When scientists downlinked data from Parker Solar Probe’s sixth orbit, there was a small, bright surprise waiting for them: the spacecraft’s first observation of a sungrazing comet. This particular comet was discovered just weeks earlier using data from ESA (European Space Agency) and NASA’s Solar and Heliospheric Observatory, or SOHO.

Parker Solar Probe captured spectacular images of comet NEOWISE in July 2020, but this is the first time the spacecraft has seen a sungrazer — a particular class of comet that flies extremely close to the Sun, typically so small and dim that they are impossible to see from Earth or observatories other than SOHO. This sighting confirms the hope of the Parker Solar Probe team that the spacecraft’s WISPR instrument, designed to image the Sun’s outer atmosphere and solar wind, could provide new insight into these star-skimming celestial bodies.

Like nearly all sungrazers, this comet — nicknamed SOHO-4063 after the observatory that first spotted it — was destroyed as it swooped by the Sun, disintegrated by heating from the intense sunlight.
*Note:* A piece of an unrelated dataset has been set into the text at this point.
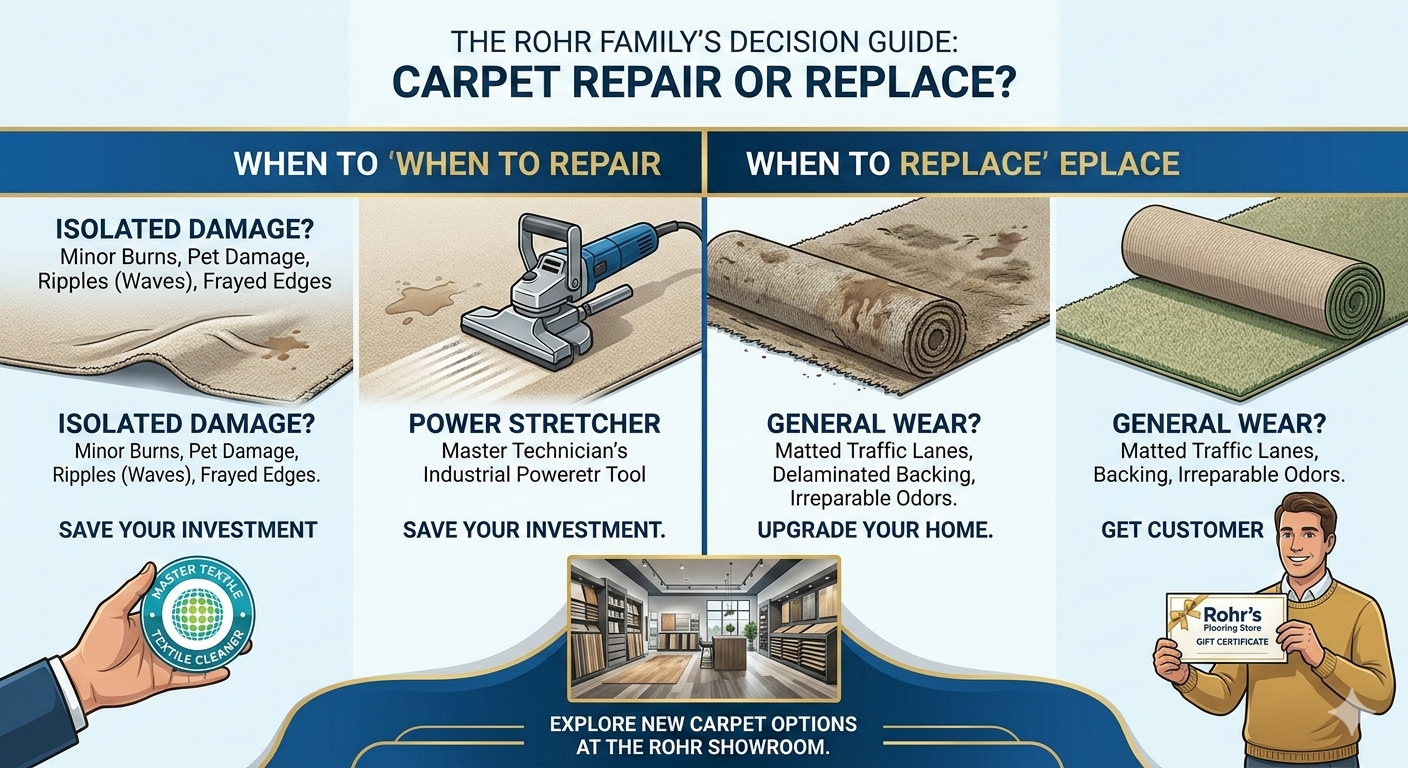 We believe in giving you a straight answer, not a sales pitch. Use this guide to help you decide if your carpet needs a Master Technician’s repair or a fresh installation from our showroom.

It’s this destruction process that scientists hope to learn more about with future Parker Solar Probe observations of sungrazers — a prospect that looks more likely based on these first images. The comet appeared brighter in Parker Solar Probe’s data than in that from SOHO, indicating that Parker Solar Probe’s WISPR instrument is particularly sensitive to comets and may provide a new level of detail on the sungrazers that happen to cross its field of view. Parker Solar Probe’s close solar orbit also puts the spacecraft closer to these sungrazing comets than other observatories — about 40 million miles away, less than half the distance from which SOHO sees sungrazers.

These images from September 13-15, 2020, show comet SOHO-4063 as it approaches the Sun, seen by ESA (European Space Agency) and NASA’s Solar and Heliospheric Observatory. Comet SOHO-4063 was later detected in data from NASA’s Parker Solar Probe. Credit: ESA/NASA/SOHO/Naval Research Lab/Brendan Gallagher

Comet SOHO-4063 was originally discovered on September 13, 2020, by citizen scientist Worachate Boonplod with the Sungrazer Project, and the comet first appeared in Parker Solar Probe’s data later on September 13. Parker Solar Probe sends its science data back to Earth in batches at certain points in its orbit, meaning scientists didn’t have a chance to look for this comet in Parker Solar Probe’s data until weeks after it was initially discovered in SOHO’s data. Even with such weeks- or months-long lags, Parker Solar Probe’s proximity to sungrazers and the WISPR instrument’s high sensitivity to comets means that Parker Solar Probe may eventually spot new sungrazing comets that elude even SOHO.